Friday, July 12, 2019

Are values opposed to virtues?




In an article recently published in “The Australian”, Peter Kurti, a senior research fellow at the Centre for Independent Studies, noted:
“Unease is growing in Australia that something has changed for the worse in our live-and-let-live culture”.
The context of his comment is the “opprobrium and venom” that dissent from “prevailing new orthodoxies” about gender and sexual orientation seems to attract. The author suggests this has contributed to “the sense that the common bonds of civility that helped to build mutual trust in our society are under strain”.

I concur with those sentiments. They are consistent with views recently expressed on this blog: Does Israel Folau deserve support from advocates of free speech?

However, the headline of Kurti’s article “Israel Folau: Moral compass all askew as virtue is eclipsed by values” seems to me to be codswallop. Unfortunately, the headline accurately reflects Kurti’s explanation for the fracturing of our culture in terms of what he describes as “the eclipse of virtue by values”.

It is difficult to see how values can be opposed to virtues in terms of common usage of those terms in discussions of ethics. The Concise Oxford defines the terms as follows:
Virtue: “moral excellence, uprightness, goodness”; “the seven cardinal virtues”.
Value: “one’s principles or standards, one’s judgement of what is valuable or important in life”.

Kurti makes values appear to be opposed to virtues by claiming that values “are simply emotional statements about personal beliefs, feelings or attitudes”. He claims that values “cannot be normative because it is impossible to erect any shared meaning on the foundation of something that is personal and subjective”.
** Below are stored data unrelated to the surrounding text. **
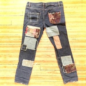 Vintage Free People patch slim slouch jeans. These are in great shape, as they never fit me right. They are made to fit slouchy.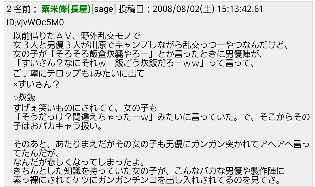 【朗報】伝説の『飯盒炊爨コピペ』のAV、本当にあったwwwwww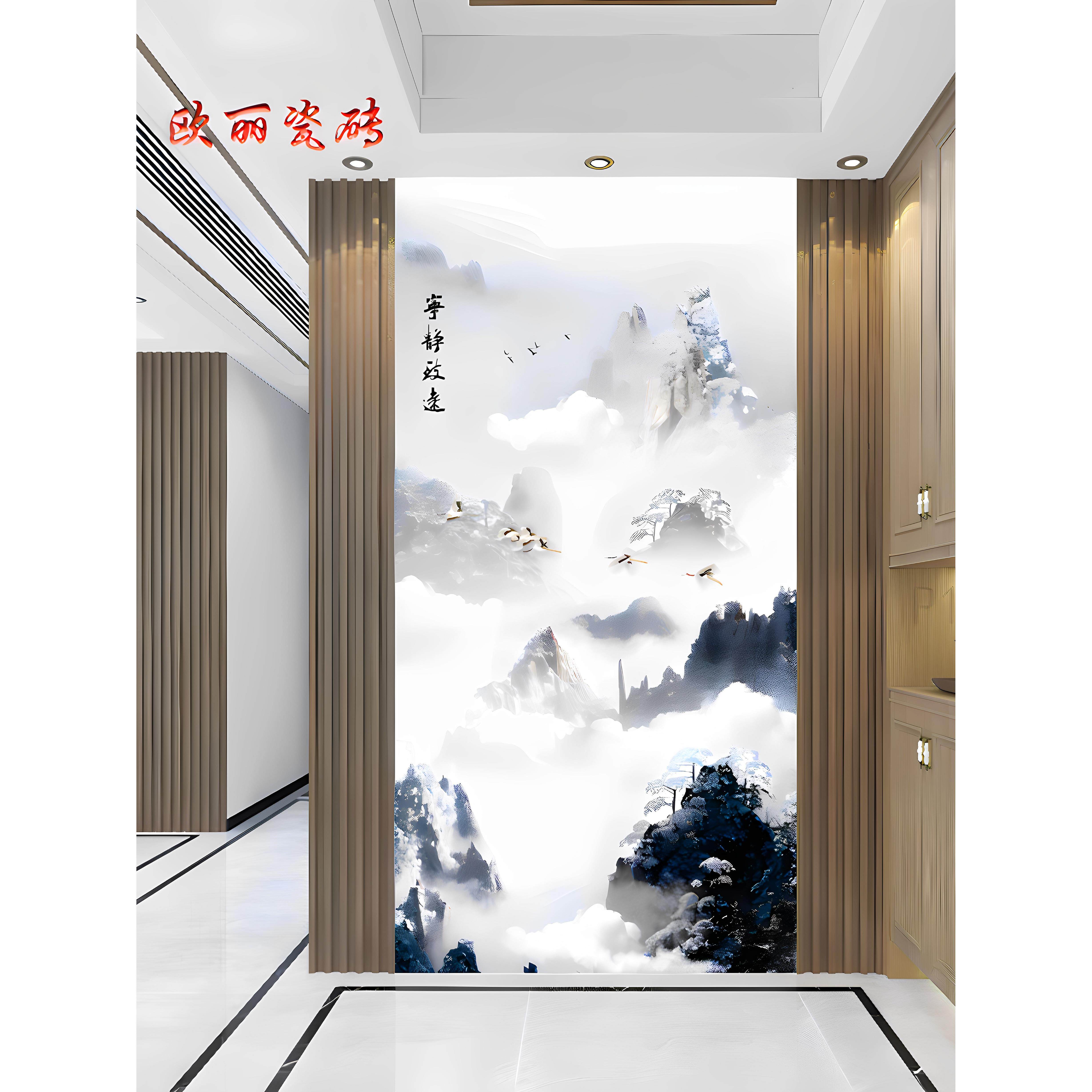 新款入户玄关壁画过道浴室客厅背景墙瓷砖岩板大理石微晶石山水画
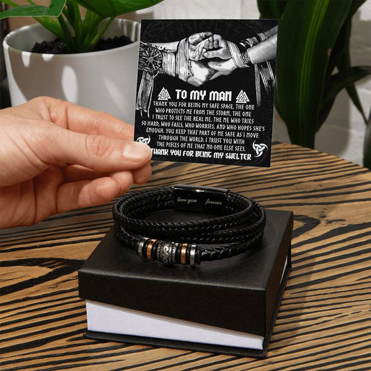 To My Man – Engraved Vegan Leather Bracelet with Sentimental Message Card – Stainless Steel Magnetic Clasp, Perfect Valentine's Day Gift for Him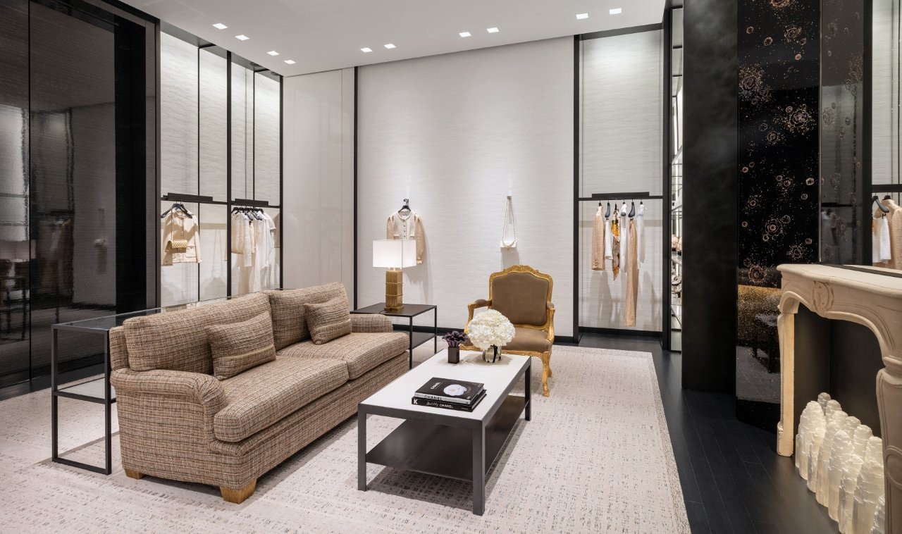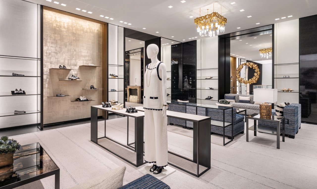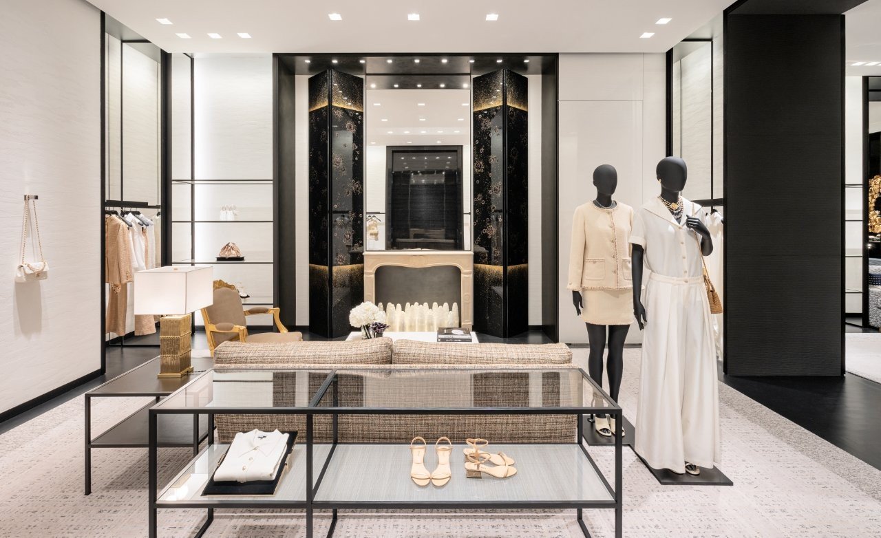 Designed by renowned architect and long-time Chanel collaborator Peter Marino, the new boutique beautifully interprets the aesthetic codes of the House, combining architectural precision with refined artistry. The space pairs Chanel’s emblematic black and white tones with warm gold accents, creating an inviting ambiance that evokes the spirit of a modern yet timeless Parisian townhouse.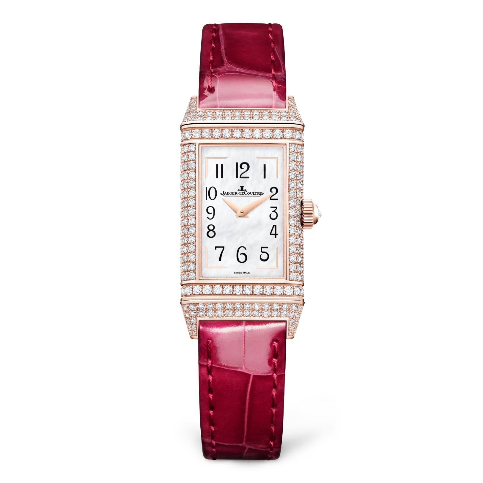 Estos nuevos relojes, enmarcados en la caja alargada del Reverso One y complementados con brillantes correas de piel de aligátor de vivos colores, son una alegre expresión de la elegancia femenina. Naturalmente, dada la maestría de la Maison en el campo de la relojería técnica, no ha habido ninguna concesión en cuanto al movimiento, y el Reverso One Precious Flowers presenta el Jaeger-LeCoultre Calibre 846 de cuerda manual, un movimiento de forma rectangular especialmente desarrollado para el Reverso.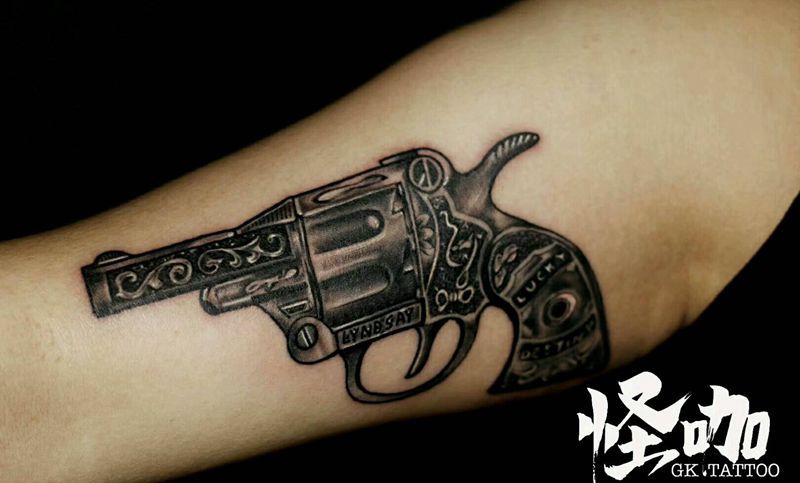 当前位置: 首页 >天津市纹身店-怪咖纹身刺青纹身图案>左轮纹身图片_手臂欧美写实原创成品纹身图案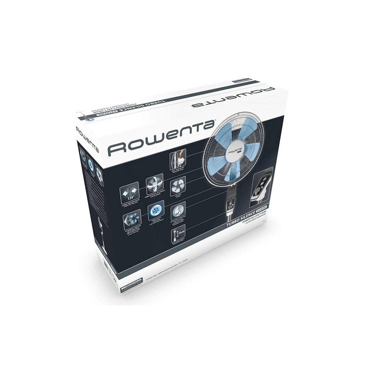 Ventilateur sur pied - Diametre : 40 cm - Doté : technologie silence - Débit d'air : jusqu'a 80 m³ - Fonction Turbo boost - Orientation réglable - Oscillation automatique - Ajustable en hauteur - Poignée de transport intégrée - Hélice a 5 pales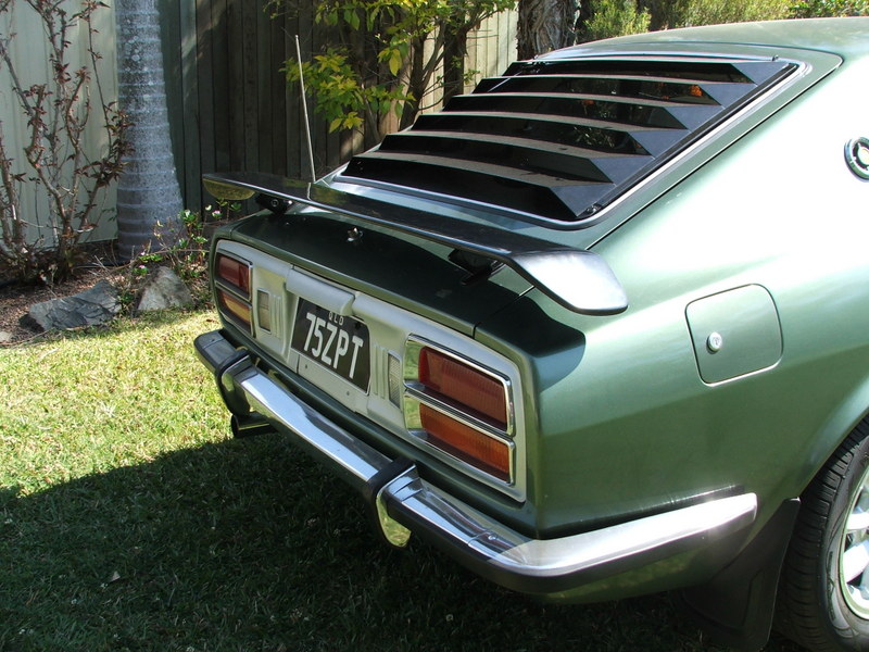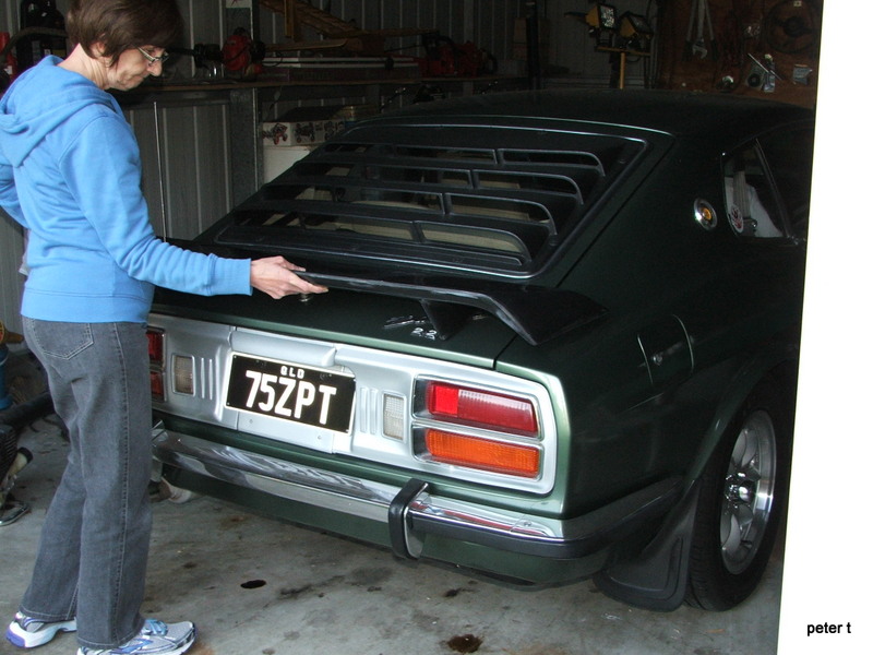 peter t Posted September 22, 2012 Author Posted September 22, 2012 Update on the ironing board. Well it had to go and is still up for sale. However, not to be put off by the wife, I bought a XY Falcon GT rear wing which after fitting to the Z the little lady is happy and I might add so am I. Being smaller than the MSA Z one it quite suits the Z. Still have to paint it and in two minds whether black or green. I will make a decision in the month or so but for now it can sit there naked. RunawaySloth 1 Quote

Those claims are clearly incorrect. For example, when Friedrich Hayek writes about the “values of a free civilization” he is not referring merely to emotional statements about personal beliefs, feelings or attitudes. What Hayek and others have written about shared values is clearly closely related to norms of behaviour.

Kurti doesn’t seem to recognise the existence of shared values. His constructivist perspective, evident in use of the term “erect” when discussing the possibility of shared meaning, has apparently made it impossible for him to comprehend that the common values of an open and free society could evolve spontaneously as individuals pursue what is important in their lives.

Perhaps what Kurti was intending to convey is that the common bonds of civility are fracturing because people are increasingly adopting personal beliefs, feelings and attitudes that are inconsistent with common bonds of civility. So, why does he seek to discredit values language?

I was hoping that question might be answered by reading Kurti’s recently published CIS paper, entitled Cracking Up? Culture and the Displacement of Virtue. No such luck! In that paper, Gertrude Himmelfarb and Iain Benson are quoted as asserting that values language rejects the idea of shared moral goods, but they are no less wrong about that than Peter Kurti.

I agree with much of what Kurti writes about the importance of the traditional virtues. However, when Kurti refers to virtues he is referring only to the traditional virtues. I think that poses a problem for him. He claims “prevailing new orthodoxies” exist, so he must surely acknowledge that the people who subscribe to those new orthodoxies see political correctness as a virtue.

In my view it is probably an overstatement to claim that the new orthodoxies are “prevailing”. But it is impossible to deny that there has been a shift in what many people perceive to be virtuous that is inextricably linked to a shift in their values.

There is a more fundamental problem is asserting that cracks appearing in our live-and-let-live culture can be mended by appealing to the traditional virtues. The traditional virtues have been acknowledged for thousands of years, but our live-and-let-live culture has only recently evolved.  Freedom of religion has had a firm legal basis in only a few countries for only a couple of centuries. The idea that members of minority religions should not be discriminated against has been a widely shared value and accepted norm of behaviour for less than a century in most western countries, including Australia. Our live-and-let-live culture, with harmonious collaboration between people of different religions, ethnic backgrounds and gender in work and community organisations, has only been in existence for a few decades, despite the lip service paid to civility in earlier times. Live-and-let-live has been inclusive of LGBT people for an even shorter period.

The shared values underlying our live-and-let-live culture include freedom of expression, tolerance and politeness.  The norms of behaviour associated with these shared values enable people to obtain mutual benefit from working, playing sport and socializing with people whose attitudes and behaviours they disagree with, and in some instances may even consider to be immoral.

The main threat to our live-and-let-live culture comes from those who insist that to enhance social harmony people should exercise much greater restraint in what they say and publish to avoid the possibility of giving offence to members of the religious, ethnic, gender and LGBT groups pandered to by identity politics. This gives rise to the potential for a return to tribal values as members of an increasing number of individual groups abandon shared values and threaten social disharmony in order to redress perceived disadvantages or to obtain advantages over others. 

The most obvious and straight forward way to avoid a return to tribal values is for supporters of our live-and-let-live culture to make their views heard whenever the shared values of that culture come under threat from those who take offence unreasonably. A return to tribal values can be avoided if enough people of goodwill continue to support the rights of others to express views they disagree with.